May 12, 2011
A toast, ladies and gentlemen, to Mr. Shailendra Kumar Upadhyay of Nepal, who shuffled off this mortal coil on Monday afternoon at age 82. Mr. Upadhyay was at 18,700 feet above sea level when he turned in his lunch pail, most of the way up Mount Everest. He was trying for the summit in hopes of being the oldest person ever to conquer the mountain. That glory was not vouchsafed to him. It remains the property of a different Nepalese geezer, Min Bahadur Sherchan, who reached the summit three years ago at age 76.

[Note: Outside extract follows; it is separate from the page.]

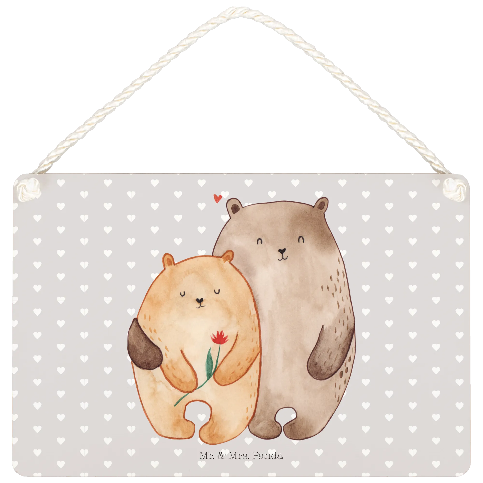 The sweet design features two loving bears creating a heart shape with their forms, with one bear tenderly holding a flower, capturing the essence of being in love. This lovely piece brings a smile to your face every time you glance at it. Ideal for couples in various stages of their relationship, this decorative sign is perfect as a wedding gift, an anniversary present, or simply as a reminder of your great love story.

This news story happened to come under my eye just as I had finished Fred Pearce’s 2010 book The Coming Population Crash, now out in paperback. Pearce’s subject is demography, a big conversation topic nowadays. The developed world, as we all know, is failing to reproduce itself, sometimes sensationally so.
A hypothetical Japanese woman whose fertility, at every age x of her reproductive life, was precisely the average for today’s x-year-old Japanese females, would have only 1.21 hypothetical children. That is Japan’s Total Fertility rate (TFR). Since men do not have babies, the entire burden of replacing humanity’s current stock falls on women, who must therefore produce two adults apiece. Allowing a margin for babies born who do not become breeding adults, we need a TFR of at least 2.1 for a stable population. At 1.21 the Japanese are falling down badly on the job, though not as badly as the Taiwanese (1.15), Singaporeans (1.11), Hong Kongers (1.07), and Macanese (0.92).
The consequences are obvious and well-known: Japan is aging. Plenty of other nations are close behind: Poland at 1.30, Italy at 1.39, and so on. China’s TFR is listed in the CIA World Factbook as 1.54, but analysts crunching the just-released numbers from last November’s census think 1.4 is more likely.
Fred Pearce puts a happy face on the whole business. Europeans breeding below replacement level? No prob”just bring in more North Africans!
There are today about three million Moroccans, 1.2 million Algerians, and 700,000 Tunisians living in Europe, along with numerous other groups. Most have jobs. Europe needs them. Ever more of them. So they come, only to be treated as invaders.
Invaders? Good grief! Why on Earth would Europeans not welcome them? Hard to figure.
Pearce is just as blithe about the aging problem. This last section of his book is titled “Older, Wiser, Greener.” Geezers are a resource, he wants us to know. They have all that accumulated wisdom about life. They’re less consumerist and more appreciative of the little things in life”greener.
(Around this point in Pearce’s book, an apothegm attributed to Benjamin Franklin about older women came to mind: “They don’t yell, they don’t tell, they don’t swell, and they’re grateful as hell.” Yes, shame on me.)
So put ‘em to work!
British journalist Katherine Whitehorn, herself eighty but still pounding away at the laptop, puts it this way: “The days when you were at work by your early 20s at latest, rose to some sort of seniority by 45, and retired at 60 or so are obviously over….The old are going to have to work longer….”
All very well for Ms. Whitehorn, who only has to knock out a few hundred words of fugitive journalism a week. What about people in more demanding lines of work? (I’d better concede that there are more demanding lines of work.) Eighty-year-old air traffic controllers? Come on.